If you’re curious about how mindfulness, science, and collective action can converge, you can access the slides here:
👉 Slides

Analyzing Relational Structures in Educational Forums

We just published a new article in Educational Technology Research and Development: “Forum posts, communication patterns, and relational structures: A multi-level view of discussions in online courses” . This article relies on the approach we previously published using the formalism of Exponential Random Graph Models (ERGMs) to model the formation of relational networks from data of online forums used in university courses. Utilizing these models in the context of bipartite networks before projecting them into a weighted network allows for the creation of null models that assume different mechanisms of forum use. The statistical comparison of these null model projections with the actual network enabled us to assess the significance of global characteristics such as density, the number of communities, or clustering, as well as filter links to obtain sparse relational structures whose structural properties can be compared and grouped by similarity.

Relational Dynamics and Success in Citizen Science

Our paper on measuring collaborations and performance in citizen science projects is out in Citizen Science, Theory and Practice!

This work is the result of the European project Crowd4SDG, where we directed the part on the quality criteria of citizen science. We implemented the measurement of processual criteria based on a perspectivist and deliberative epistemology of citizen science published in the Royal Society Open Science (see this other post).
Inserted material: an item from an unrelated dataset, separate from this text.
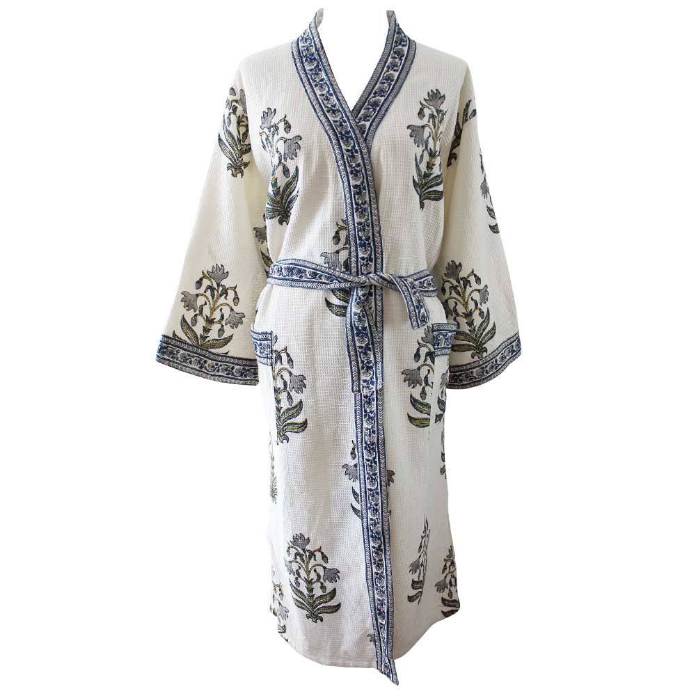 Our luxurious cotton waffle-textured bathrobe brings a spa vibe to the bathroom! The robe is printed with a large-scale botanical pattern and edged with a blue and grey border on the cuffs, pocket, and open front and has a matching tie belt.

With the help of the CoSo app (that we presented in this post), we monitored interactions within a collaborative ecosystem of citizen science innovation projects, revealing the relational dynamics and their influence on project performance. Our approach, combining digital analyses and self-reports, allowed us to break down interactions into multi-layer social networks, highlighting the importance of social capital and relationship management for the success of initiatives. We identified links between team structures, their communications, and the quality of their projects, emphasizing the impact of engagement and collaboration on producing relevant and innovative outcomes. This approach enriches the evaluation tools in citizen science and offers concrete ways to improve engagement, inclusion, and diversity in these projects.
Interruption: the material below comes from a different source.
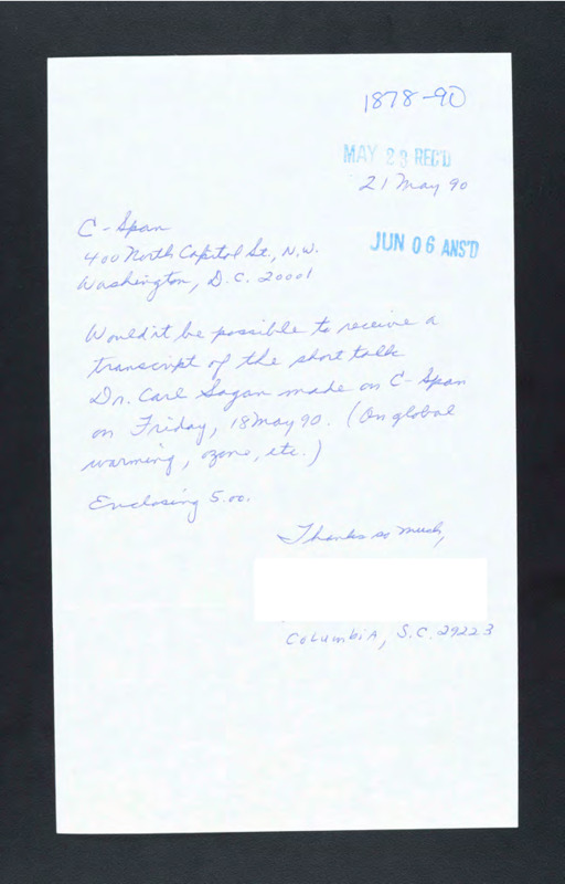 Asks if it's possible to get a transcript of a talk by Dr. Carl Sagan.

Community Review Systems in Science Funding

Resource allocation is crucial for the development of innovative projects in science and technology. In response to the urgent COVID-19 pandemic in 2020, we implemented an agile “community review” system with JOGL to quickly allocate micro-grants for the prototyping of innovative solutions. In this paper published in f1000Research we analyzed the results of 7 review cycles. Implemented across 147 projects, this process is characterized by its speed (median duration of 10 days), scalability (4 reviewers per project regardless of the total number of projects), and robustness, measured by the preservation of the projects’ ranking order after the random removal of reviewers. Including applicants in the review process does not introduce significant bias, showing a correlation of r=0.28 between evaluations, similar to that observed for non-applicants and within traditional funding methods. This system allows for agile improvement of proposals, promoting the implementation of successful early prototypes and the constructive revision of initially rejected projects. This work demonstrates the effectiveness of a frugal community review for agile resource allocation in open innovation contexts.
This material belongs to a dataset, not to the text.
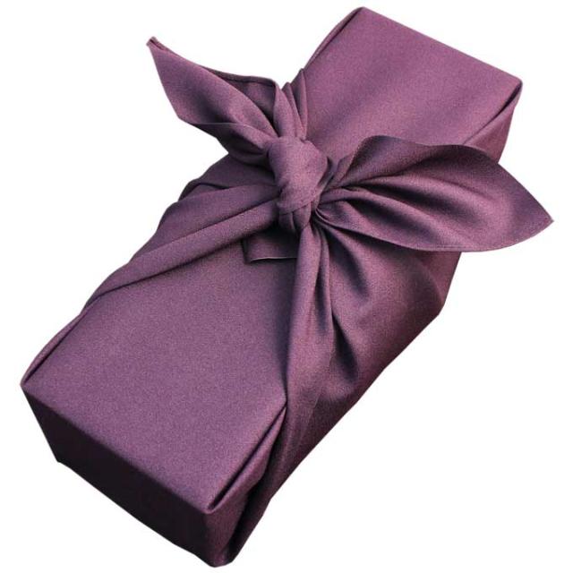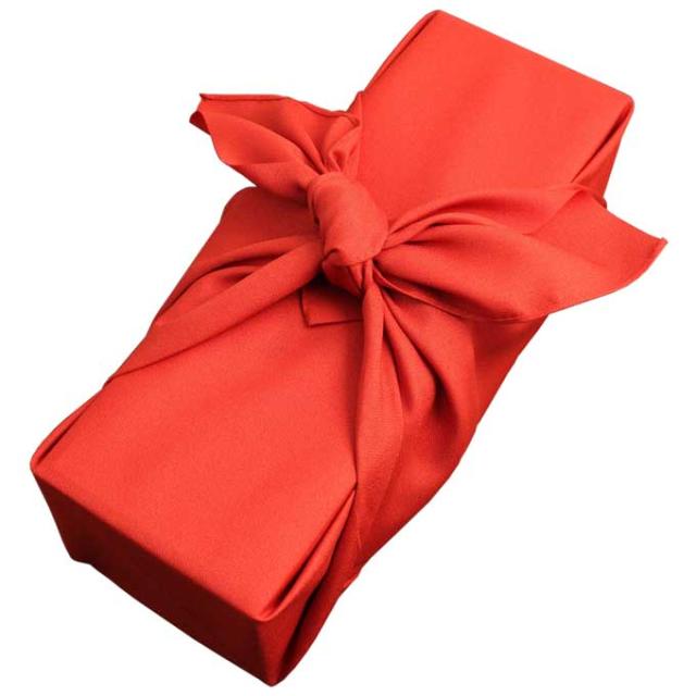 専用化粧箱に瓶と同じ色の風呂敷で素敵に梱包します。

How Networks Shape Learning and Innovation: My Talk at the IRD “ACROSS” Lab in VIetnam

How can we better understand how people learn, collaborate, and innovate together?

In this talk at the ACROSS Lab seminar in Hanoi, I presented how network science approaches can be used to study collaborative learning and problem-solving. Drawing from projects ranging from synthetic biology competitions to citizen science initiatives, I discussed how analyzing interaction patterns and participation dynamics can reveal key factors driving team performance, learning diffusion, and community resilience.